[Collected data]
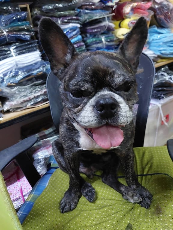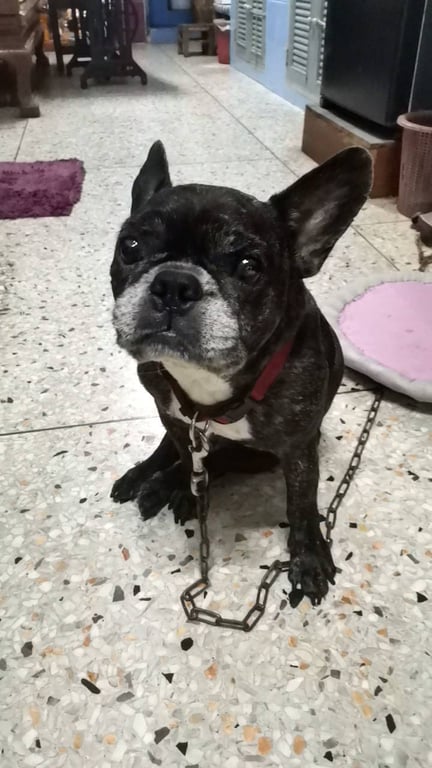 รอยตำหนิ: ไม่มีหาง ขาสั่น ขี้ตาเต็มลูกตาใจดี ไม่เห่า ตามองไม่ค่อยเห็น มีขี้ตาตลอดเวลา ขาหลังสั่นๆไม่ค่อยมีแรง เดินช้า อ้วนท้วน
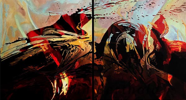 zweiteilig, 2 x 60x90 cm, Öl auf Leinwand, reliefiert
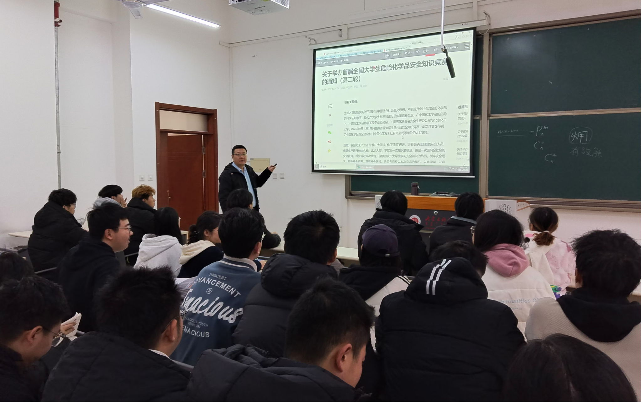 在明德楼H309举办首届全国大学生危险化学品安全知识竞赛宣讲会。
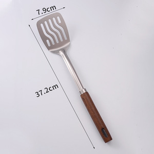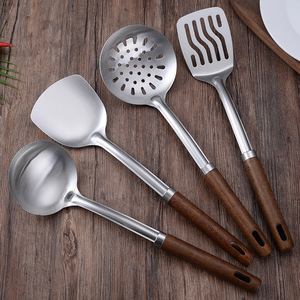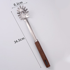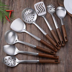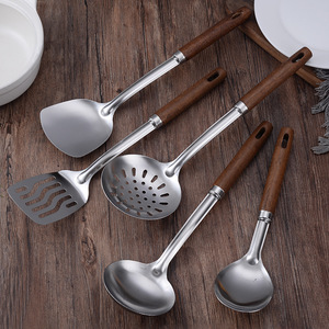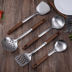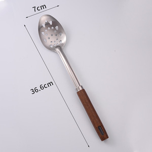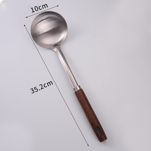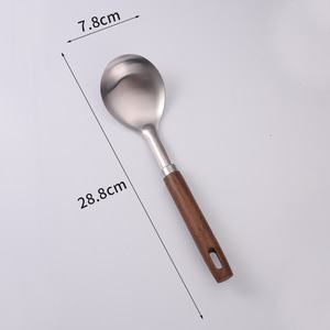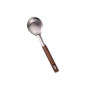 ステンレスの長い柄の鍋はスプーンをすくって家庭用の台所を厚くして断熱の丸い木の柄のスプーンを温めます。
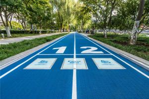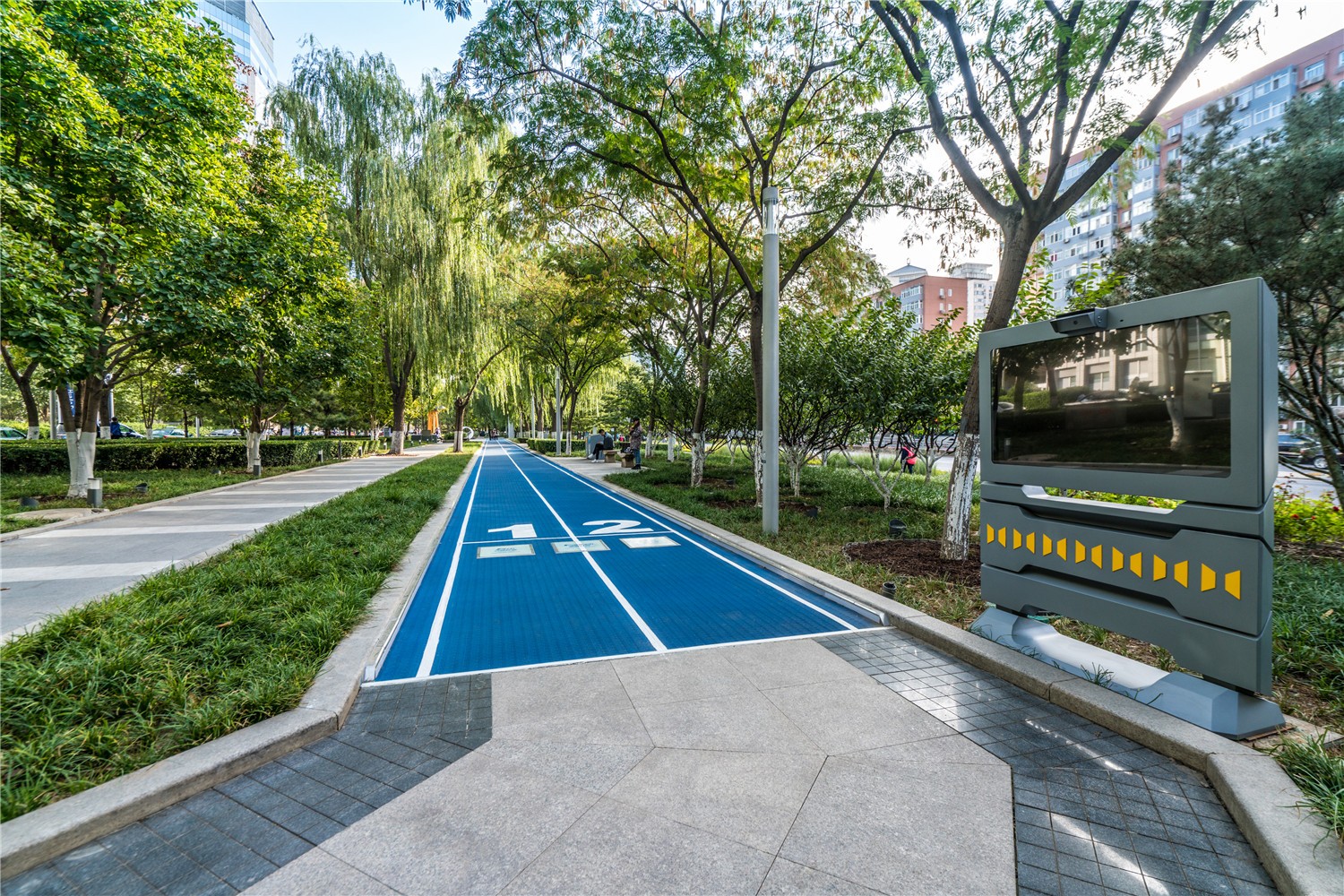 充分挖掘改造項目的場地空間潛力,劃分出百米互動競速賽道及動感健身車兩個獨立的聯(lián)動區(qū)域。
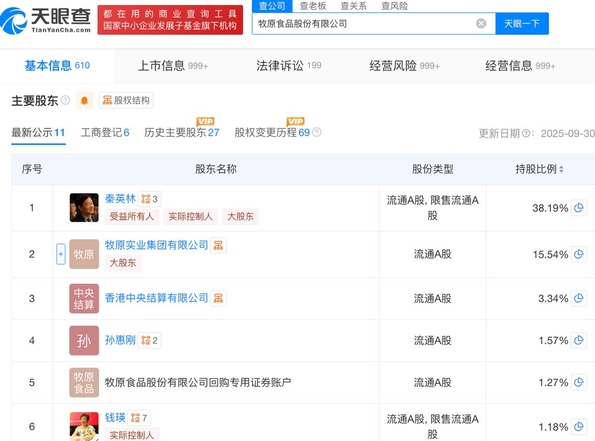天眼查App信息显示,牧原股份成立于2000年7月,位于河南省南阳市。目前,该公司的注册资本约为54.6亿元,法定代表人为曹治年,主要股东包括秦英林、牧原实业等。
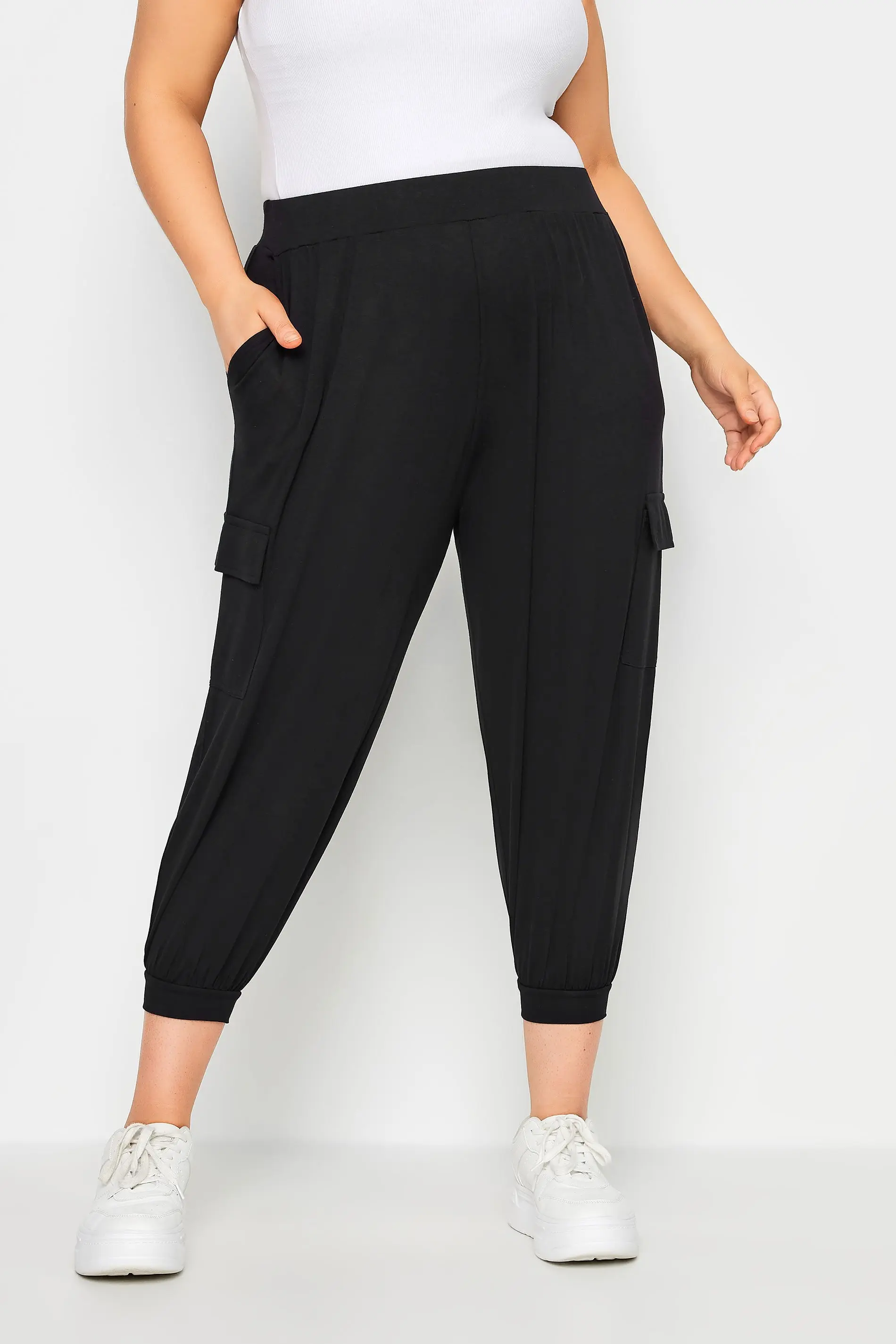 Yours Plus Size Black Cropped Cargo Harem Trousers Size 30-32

**Exercise objective:**
The answer must be an exact copy of the lines from the one containing "天眼查App信息显示,牧原股" through the last line of the records, with no pictures included.

**Solution:**
天眼查App信息显示,牧原股份成立于2000年7月,位于河南省南阳市。目前,该公司的注册资本约为54.6亿元,法定代表人为曹治年,主要股东包括秦英林、牧原实业等。
 Yours Plus Size Black Cropped Cargo Harem Trousers Size 30-32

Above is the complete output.